If the base of an isosceles triangle is decreased by 40% and its height is increased by 10%, then what is the percent change in the area of the triangle?
i think it is 5o%
The percent change is a reduction to 66% of the original area, or a 34% reduction.
To find the percent change in the area of the triangle, we can follow these steps:
Step 1: Let's assume the original base of the isosceles triangle is B and the original height is H.
Step 2: The original area of the triangle is given by A = (1/2) * B * H.

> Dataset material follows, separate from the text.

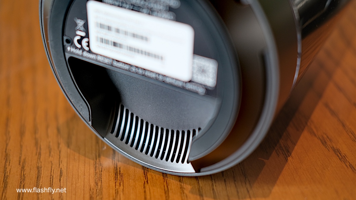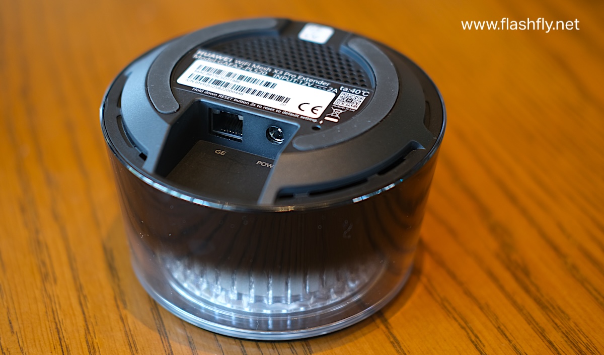 ใต้ฐานของตัวขยายสัญญาณมีพอร์ตเชื่อมต่อสาย LAN เพียงพอร์ตเดียว ความเร็ว 1Gbps ข้างกันเป็นช่องเสียบสายไฟ และมีรูสำหรับรีเซ็ตอุปกรณ์เช่นเดียวกัน

Step 3: The new base after decreasing it by 40% is B' = B - 0.4B = 0.6B.
Step 4: The new height after increasing it by 10% is H' = H + 0.1H = 1.1H.
Step 5: The new area of the triangle with the modified base and height is A' = (1/2) * (0.6B) * (1.1H) = 0.33BH.

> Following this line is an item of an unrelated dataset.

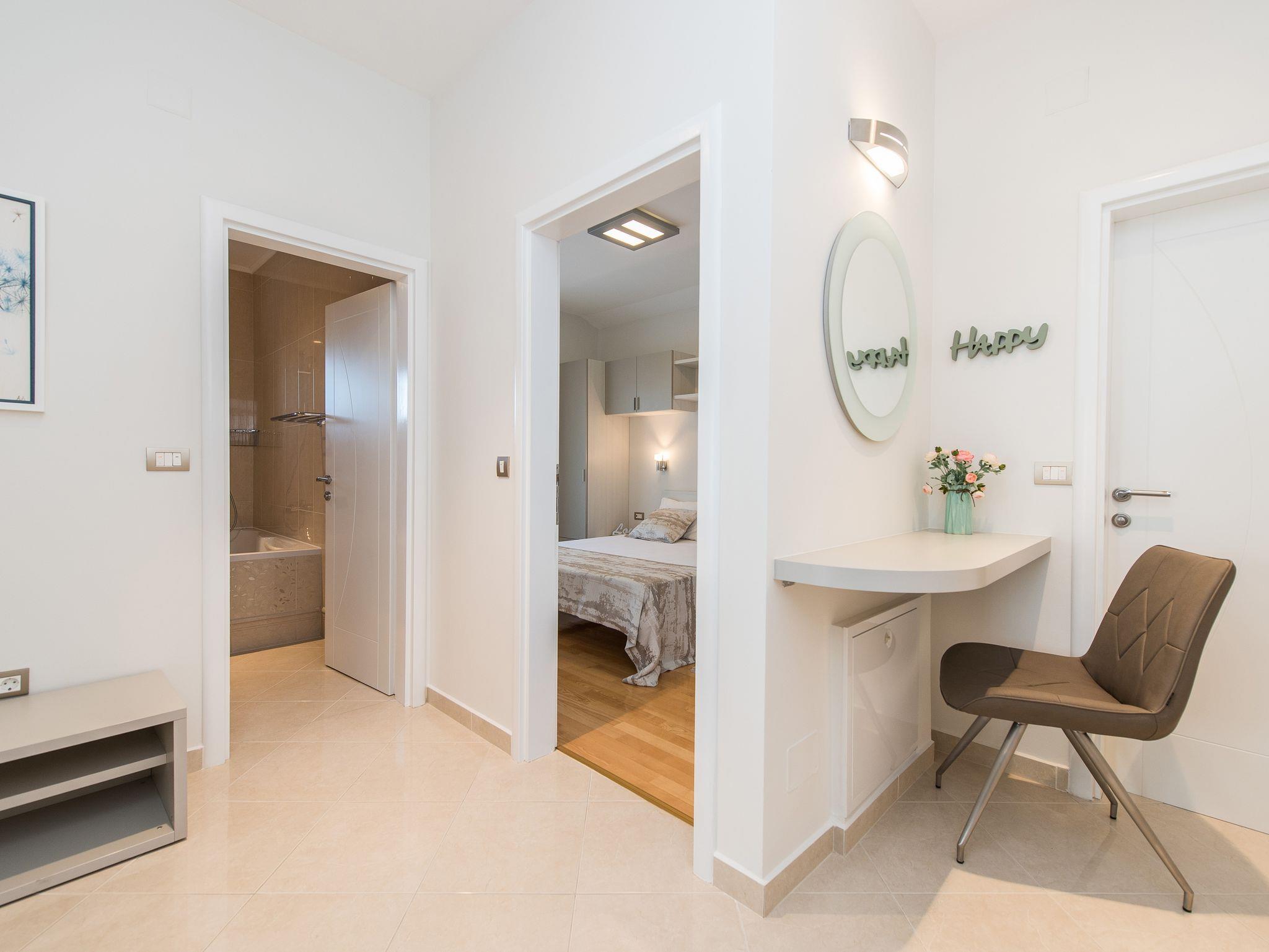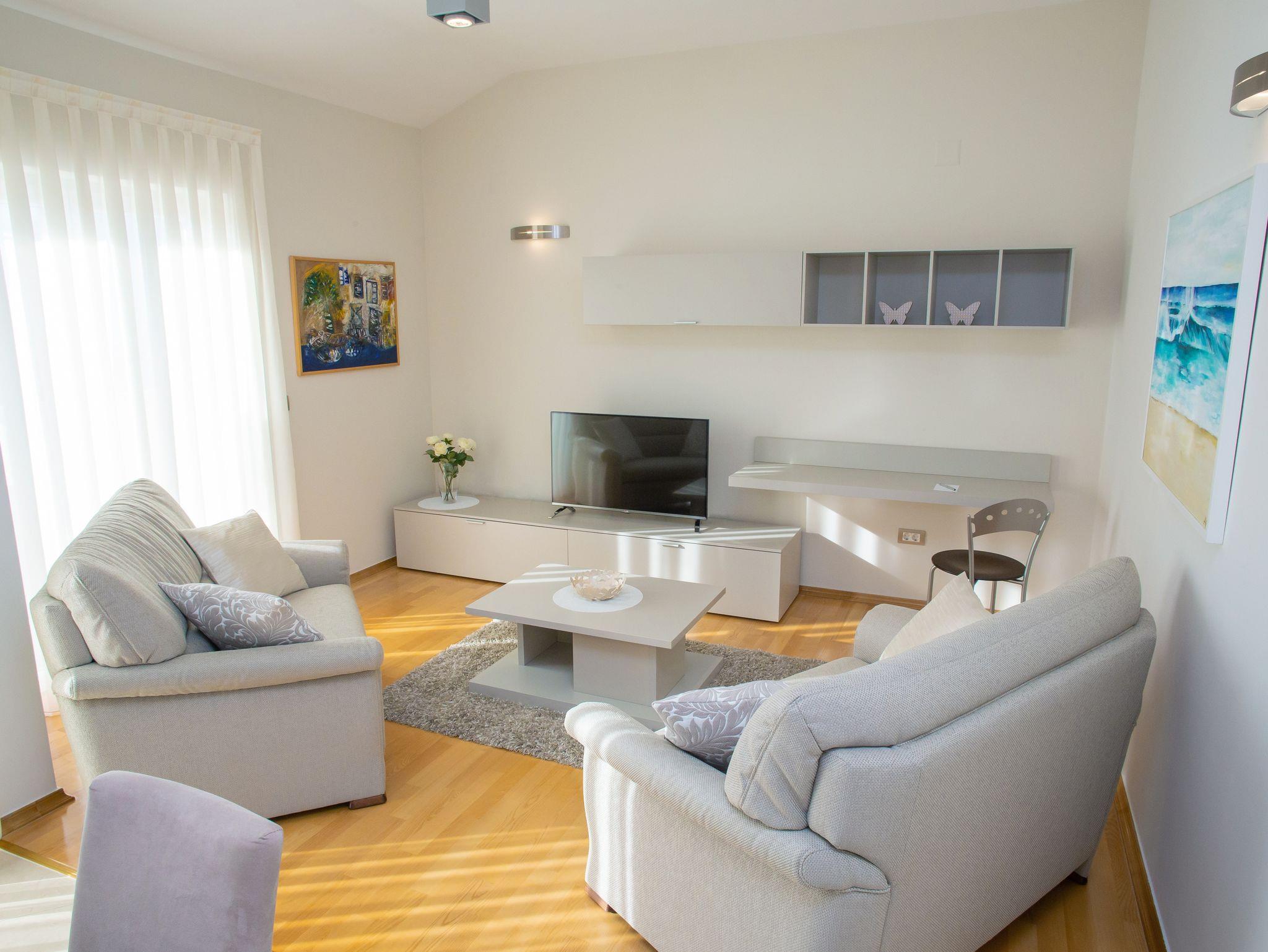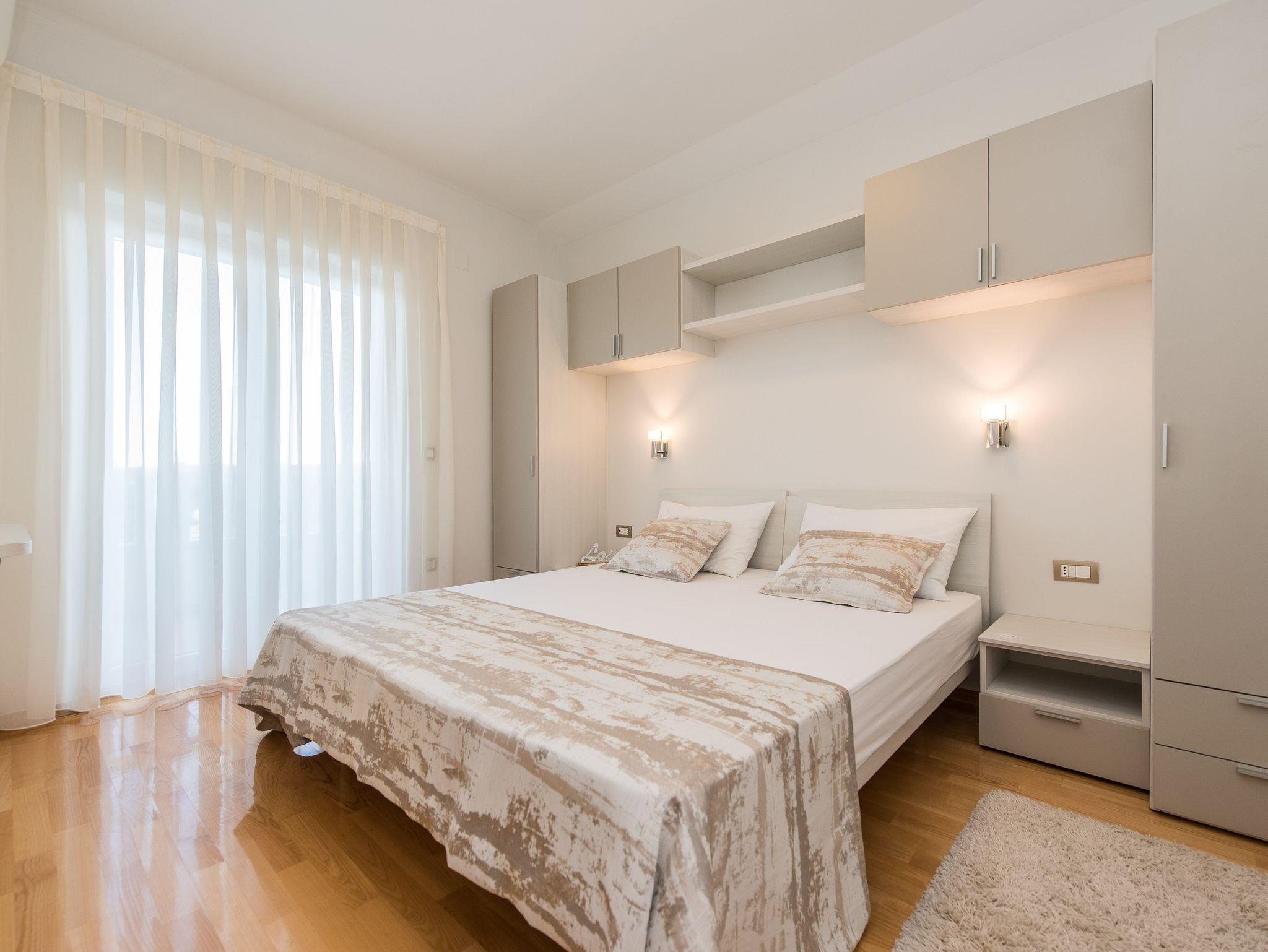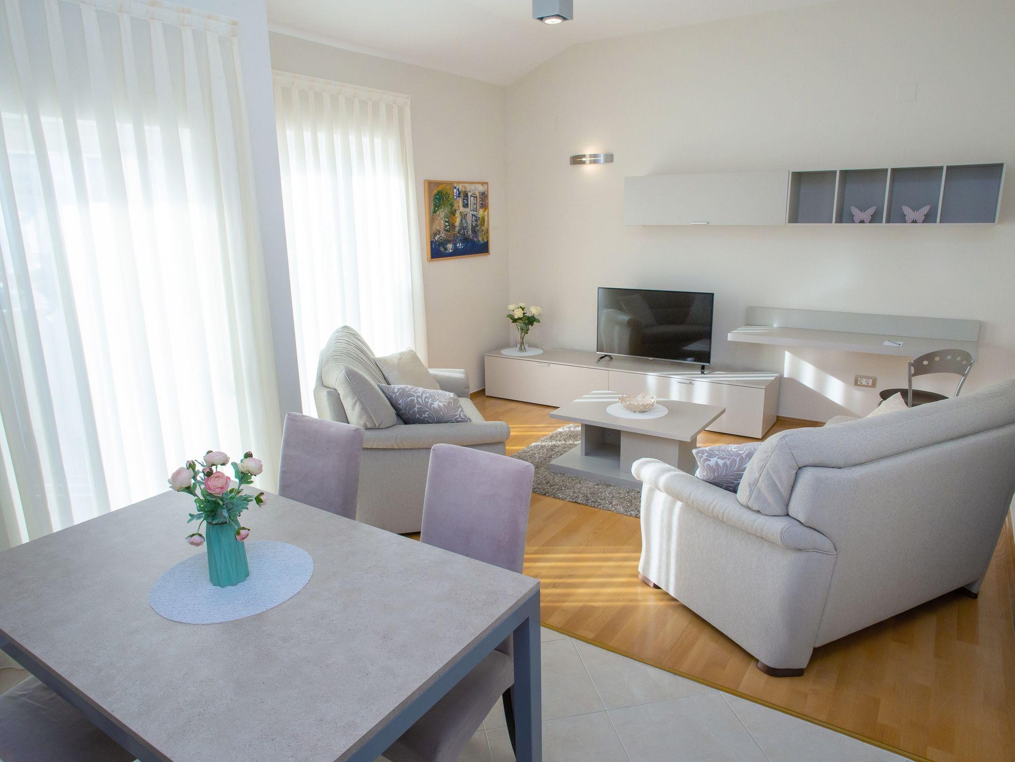 Ferienwohnung bietet Platz für 4 Gäste. Die Betten sind in Schlafzimmern, die es 1 gibt, und in Wohnzimmer, innerhalb einer Gesamtfläche von 55m2, angeordnet. Die Gäste haben eine eigene Terrasse zur Verfügung, auf der sie in warmen Sommernächten genießen können. Das Apartment bietet Meerblick. Es ist erlaubt, Speisen auf dem Gemeinschafts-Grill vorzubereiten. Während ihres Aufenthalts können Gäste das gemeinsam zur Nutzung stehende Schwimmbad benutzen. IM PREIS INBEGRIFFEN: Kurtaxe, Endreinigung, Klimatisierung, Pool, Parkplatz, Garage, Internet, Föhn. UNVERBINDLICHE ZUSÄTZLICHE KOSTEN: Wäschewaschen (10,00 € Waschen). Die Verfügbarkeit zusätzlicher Dienstleistungen in Ihrem reservierten Termin und die Preise derselben (falls nicht aufgeführt) müssen im Voraus überprüft werden. Zusätzliche Dienstleistungen die in der Zahlungsaufforderung nicht aufgeführt sind werden direkt beim Vermieter bezahlt, angenommen der Gast nutzt auch diese. Ermäßigung auf den Grundpreis: Gratistag 14=13 (bei einem Aufenthalt von 14 Tagen oder mehr erhalten Sie einen Gratistag für den Aufenthalt bis 31.12.26).

Step 6: To find the percent change in area:
Percent change = (|A' - A| / A) * 100%
= (|0.33BH - 0.5BH| / (0.5BH)) * 100%
= (0.17BH / (0.5BH)) * 100%
= 34%
Therefore, the percent change in the area of the triangle is 34%.
To find the percent change in the area of the triangle, we need to compare the original area with the new area.

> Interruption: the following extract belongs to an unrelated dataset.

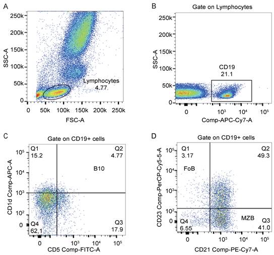 Flow cytometry analysis of the percentage of B lymphocyte subsets in peripheral blood. (A) Lymphocytes were defined on the FSC-A/SSC-A gate. (B) CD19+ cells were gated on lymphocytes. (C) The dot plot represented the gating strategy on B10 cells derived from CD19+ cells. (D) The dot plot represented the gating strategy on MZB cells and FoB cells derived from CD19+ cells.
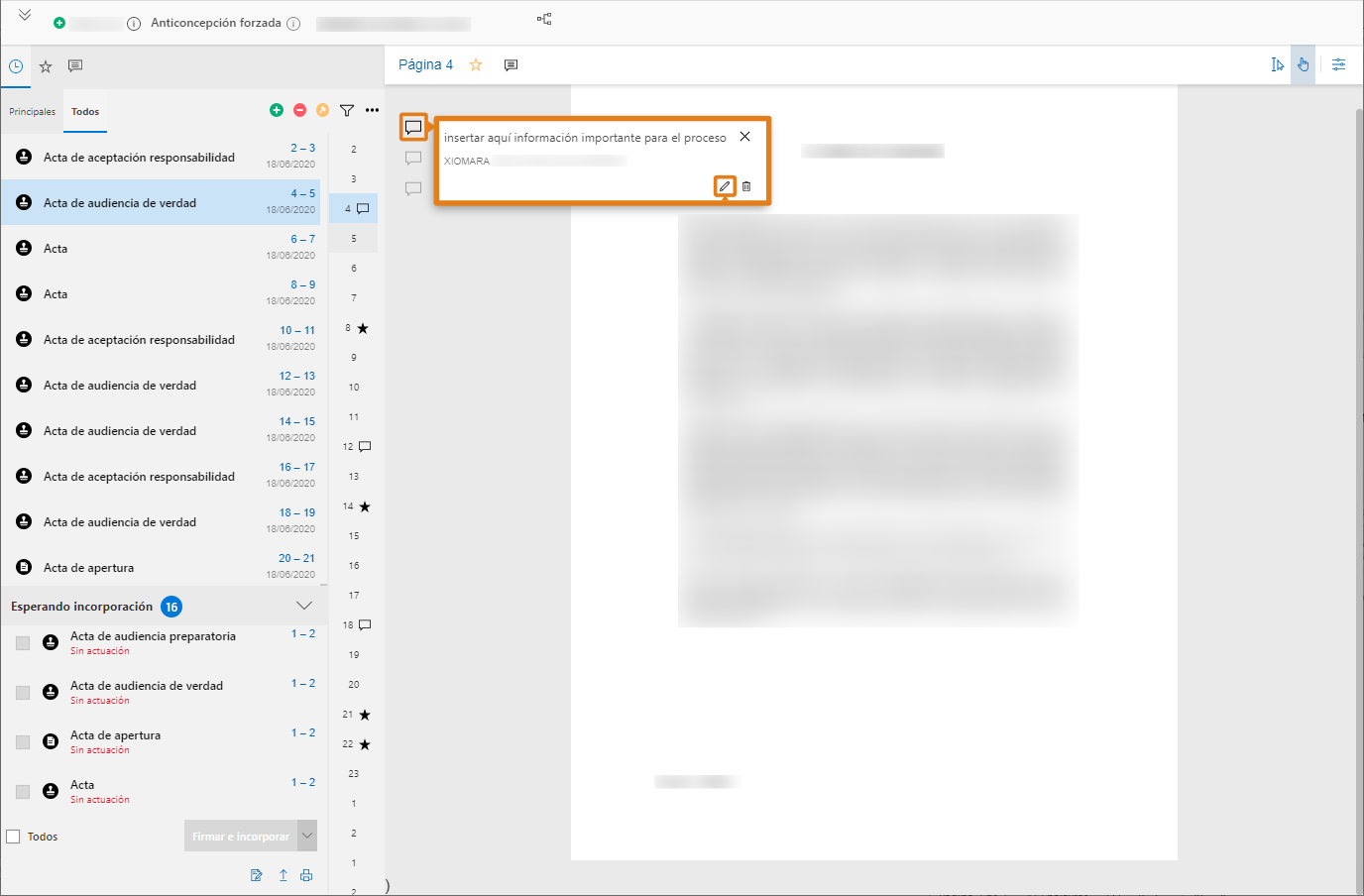 1. Con el expediente del proceso abierto en la visión cronológica (1), ubique en la regla de paginación el comentario que desea editar. El ícono de apuntes

Let's assume the original base of the triangle is "b" and the original height is "h". Therefore, the original area (A1) of the triangle is given by:
A1 = (1/2) * b * h
Now, if the base is decreased by 40%, the new base (b') is equal to 60% of the original base (0.6b). Additionally, if the height is increased by 10%, the new height (h') is equal to 110% of the original height (1.1h).
So, the new area (A2) of the triangle is given by:
A2 = (1/2) * (0.6b) * (1.1h) = (0.33bh)
To find the percent change, we need to calculate the difference between the new area and the original area, divide it by the original area, and then multiply by 100. The formula for percent change is:
Percent Change = ((A2 - A1) / A1) * 100
Plugging in the values, we get:
Percent Change = ((0.33bh - (1/2) * bh) / ((1/2) * bh)) * 100
Simplifying further:
Percent Change = ((0.33 - 0.5) / 0.5) * 100
Percent Change = (-0.17 / 0.5) * 100
Percent Change = -34%
Therefore, the percent change in the area of the triangle is -34%. This signifies a decrease in the area.